Was sind die Ursachen des Hirsutismus?

  • Bei jeder Frau produzieren die Hormondrüsen sowohl weibliche als auch kleine Mengen männlicher Geschlechtshormone (medizinisch: Androgene). Bei der überwiegenden Mehrheit der betroffenen Frauen mit Hirsutismus ist die Produktion der männlichen Sexualhormone leicht verstärkt. Gleichzeitig reagieren die Haarwurzeln besonders empfindlich auf diese Hormone und produzieren mehr Haar. Hirsutismus tritt häufig bei dunkelhaarigen Frauen auf, in deren Verwandtschaft sich nicht selten weitere Frauen mit männlichem Behaarungstyp finden. Diese Form der verstärkten Behaarung ist nicht schädlich oder gefährlich, stellt aber für viele Patientinnen ein nicht zu unterschätzendes kosmetisches Problem dar.
  • Eine weitere häufigere Ursache eines Hirsutismus sind sogenannte polyzystische Ovarien: eine Fehlfunktion der Eierstöcke, bei der es neben der verstärkten Behaarung zu einer unregelmäßigen Monatsblutung, fettiger, unreiner Haut und Gewichtszunahme kommt.
  • Daneben führen einige Medikamente als Nebenwirkung zu vermehrtem Haarwachstum.
  • Sehr selten können auch ernste Erkrankungen die Ursache eines Hirsutismus sein. Hierzu zählen:
    • ein Tumor der Nebenniere oder der Eierstöcke, der männliche Geschlechtshormone produziert
    • das sogenannte Cushing-Syndrom, eine Überfunktion der Nebennierenrinde, die dann zu viel vom Hormon Cortisol herstellt
    • das angeborene adrenogenitale Syndrom, bei dem aufgrund eines Enzymdefekts vermehrt männliche Geschlechtshormone in der Nebenniere gebildet werden

Wie stellt der Arzt Hirsutismus fest?

  • Für den Arzt ist es vor allem wichtig, Frauen mit dem kosmetisch störenden, aber harmlosen familiären Hirsutismus von den wenigen Patientinnen mit einer ernsthaften Erkrankung zu unterscheiden. Häufig gibt bereits der Verlauf des Hirsutismus erste Hinweise auf dessen Ursache.
  • Die typische Hirsutismus-Patientin stellt bei sich schon in der Pubertät eine langsam fortschreitende Behaarung fest, häufig sind weitere Familienmitglieder betroffen. Hier findet sich extrem selten eine ernsthafte Erkrankung, die zu der verstärkten Behaarung führt. Anders bei einem plötzlich auftretenden und rasch fortschreitenden Hirsutismus mit gleichzeitig neu auftretenden Menstruationsstörungen: Hier bestimmt der Arzt die Hormone im Blut und nimmt eine gynäkologische Untersuchung vor, bei der er die Eierstöcke mit Ultraschall untersucht.
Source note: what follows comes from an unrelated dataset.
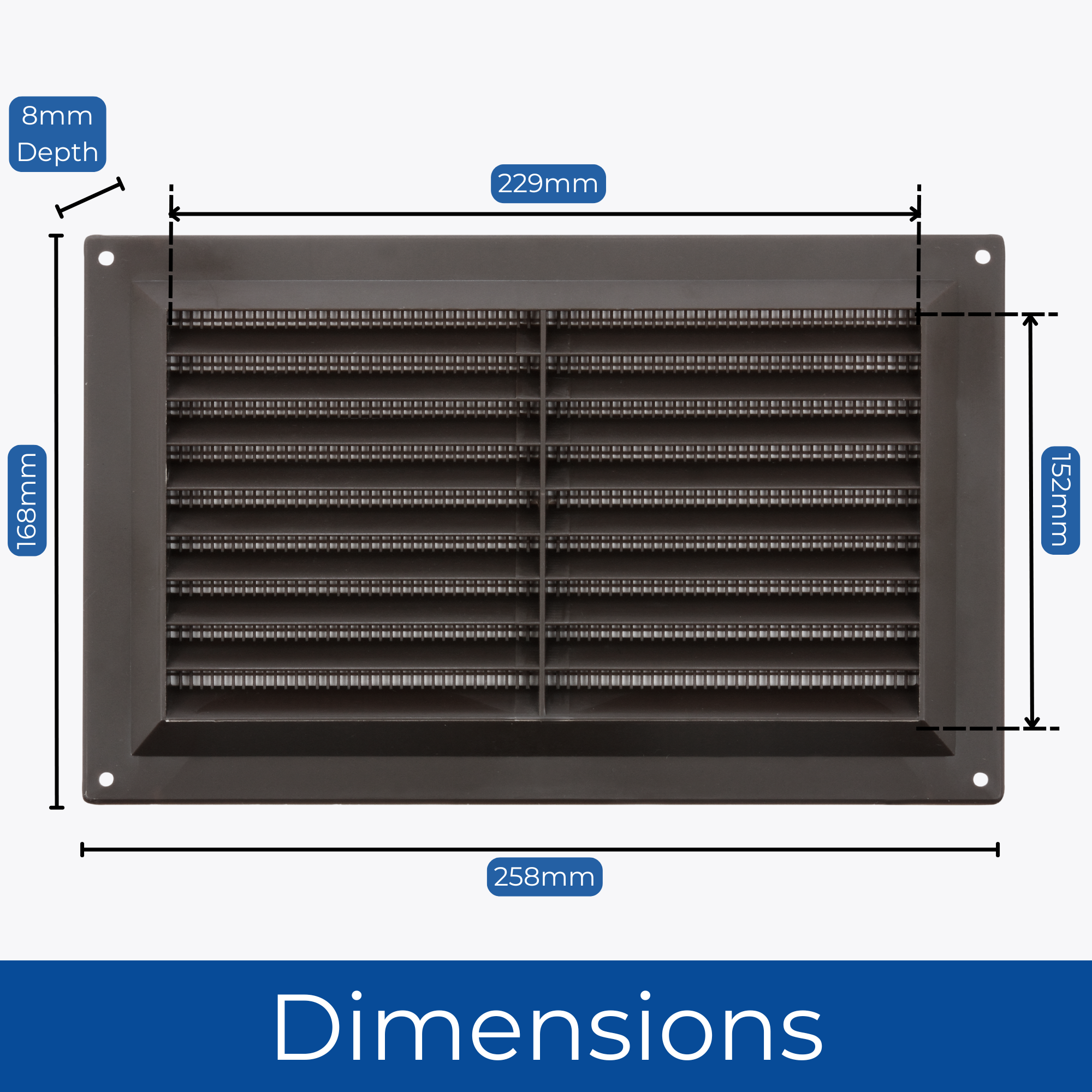 Plastic Louvred Vent with Fixed Flyscreen - Brown - 9x6 Inch

Was kann man gegen Hirsutismus unternehmen?

  • Liegt dem Hirsutismus eine andere Erkrankung zugrunde, muss immer die Grunderkrankung zuerst behandelt werden.
  • Da Hirsutismus bei den Betroffenen häufig erhebliche psychische Probleme hervorruft, können auch die unerwünschten Haare entfernt werden. Hier stehen verschiedene Methoden zur Verfügung: einfaches Rasieren, Bleichen der Haare, die Anwendung von Enthaarungscremes oder heißem Wachs. Zusätzliche Möglichkeiten bietet die mechanische, permanente Haarentfernung (medizinisch: Epilation). Hierbei werden mithilfe von Laserstrahlen oder kleinen Stromstößen die Haarwurzeln dauerhaft zerstört und der unerwünschte Haarwuchs beseitigt.
  • Dauerhaften Erfolg erzielt bei drei Viertel der Betroffenen auch eine medikamentöse Therapie mit einer Hormonbehandlung, die im Normalfall der oralen Empfängnisverhütung („Pille“) entspricht.

Frauen mit übermäßiger Behaarung sollten sich darüber im Klaren sein, dass dies ein sehr weit verbreitetes Phänomen ist. Jede zwanzigste Frau ist davon betroffen. Bei den Meisten ist es ein rein kosmetisches Problem, das sie schon seit ihrer Jugend kennen. Weil es so weit verbreitet ist, gibt es viele bewährte kosmetische und medizinische Gegenmaßnahmen. Tritt der Hirsutismus allerdings im Erwachsenenalter plötzlich auf, sollte man sich von einem Arzt untersuchen lassen.